We aim to match or exceed the ~61× speedup reported in the reference GPU phase unwrapping paper (CPU: AMD Ryzen 5900H vs GPU: NVIDIA RTX 3070-laptop).

Plan to Achieve
CPU serial baseline: residue detection, greedy branch-cut placement, serial flood-fill, correctness testing on synthetic phase maps.
GPU residue-identification kernel: naive global-memory vs. shared-memory tiled comparison.
GPU branch-cut placement: residue compaction into +/− arrays, GPU residue matching, branch-cut construction. Compare ≥2 variants.
GPU integration: tiled flood fill / wavefront propagation vs. BFS-style frontier integration.
Experimental evaluation: RMS correctness, stage-by-stage runtime, end-to-end speedup, scaling with image size and residue density.
Hope to Achieve
Multi-source BFS or connected-component-based integration after cuts.
Spatial binning to reduce branch-cut pairing search cost.
Batched phase unwrapping for improved throughput.
Outperform the reference GPU paper's reported speedup.
If slower than expected: fully implement stage 2 on GPU; offload one of stages 3/4 to CPU for a hybrid CPU-GPU pipeline.

We chose NVIDIA GPU and CUDA because at least part of Goldstein is clearly data-parallel, and the project's core interest is in how to map the irregular stages onto SIMD hardware.

The residue detection stage is a pixel-wise parallel image kernel with strong locality — shared memory tiling can directly accelerate it. More importantly, branch-cut placement and integration have poor native SIMD compatibility, making them ideal case studies for learning how to reformulate branch-heavy, sparse algorithms into GPU-friendly forms.

This project is not merely about speeding up a dense numerical kernel. It is about understanding how branch divergence, sparse matching, atomics, and frontier expansion behave on a real parallel system — all of which are central themes of 15-418/618.

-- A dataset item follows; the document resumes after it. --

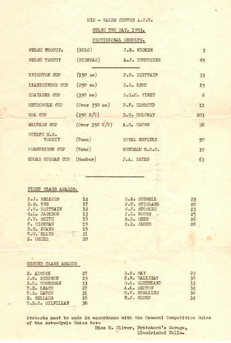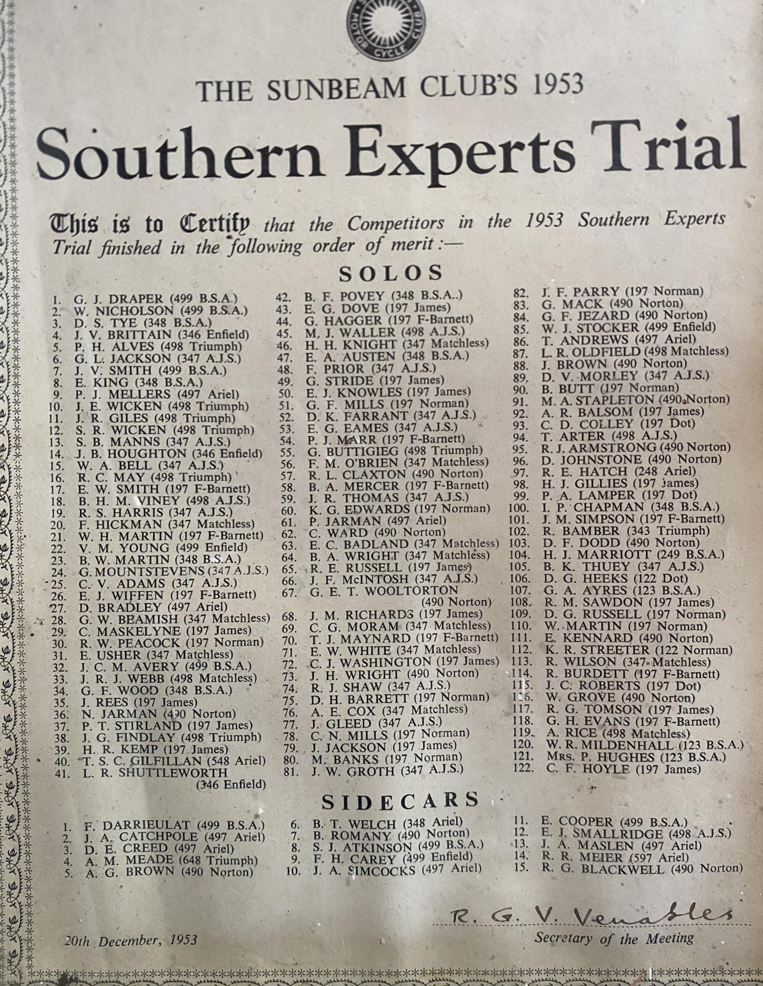 Sid managed to finish with a Special First Class award on the Norman with the loss of 55 marks. The winner was Jeff Smith on the factory BSA Gold Star who lost 20 marks.
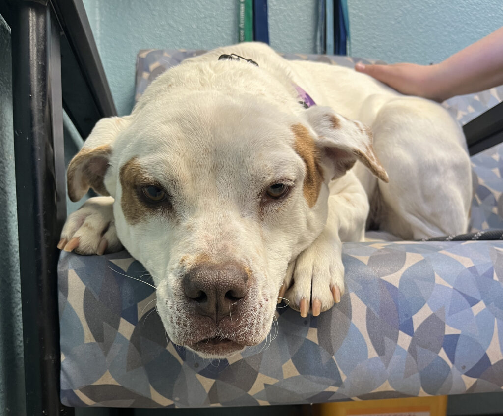 Hello there, I’m Daisy! I about three years old and just had a litter of puppies. My time raising puppies is done and it’s mine turn for someone to baby me. I get along well with kids and other dogs. My happy, gentle personality make me an easy addition to any home. I’m ready to trade in my mama duties for cozy nights and belly rubs.

This schedule will be updated each week based on actual progress.

W1
Mar 25
Read and summarize key references. Evaluate and re-implement CPU serial baseline for Goldstein branch-cut from the reference GitHub repo. Build synthetic wrapped phase test cases and find open-sourced test images.
W2
Apr 7
Complete naive CUDA residue detection and shared-memory tiled kernel. Implement residue compaction into positive/negative arrays and residue matching.
W3
Apr 14 ★
Milestone Report Due. Implement GPU integration with tiled flood fill or tiled multi-point wavefront propagation. Complete and submit milestone report.
W4
Apr 21
Finalize integration kernel. Tune all 3 stages to reduce divergence and improve memory locality. Benchmark to record progress.
W5
Apr 30 ★
Final Report Due. Complete final benchmarks, generate plots, write report, and prepare poster/demo materials for poster session (May 1st).
[1] R. M. Goldstein, H. A. Zebker, and C. L. Werner, "Satellite Radar Interferometry: Two-Dimensional Phase Unwrapping," Radio Science, 1988.
[2] G. López García, S. V. Veleva, and A. C. De La Campa, "A parallel path-following phase unwrapping algorithm based on a top-down breadth-first search approach," Optik, 2020.
[3] Y. Li, S. Han, X. Li, and C. Xu, "Efficient GPU acceleration for phase unwrapping algorithm," in Optical Metrology and Inspection for Industrial Applications X, vol. 12769, SPIE, 2023, Art. no. 1276917, doi: 10.1117/12.2686780.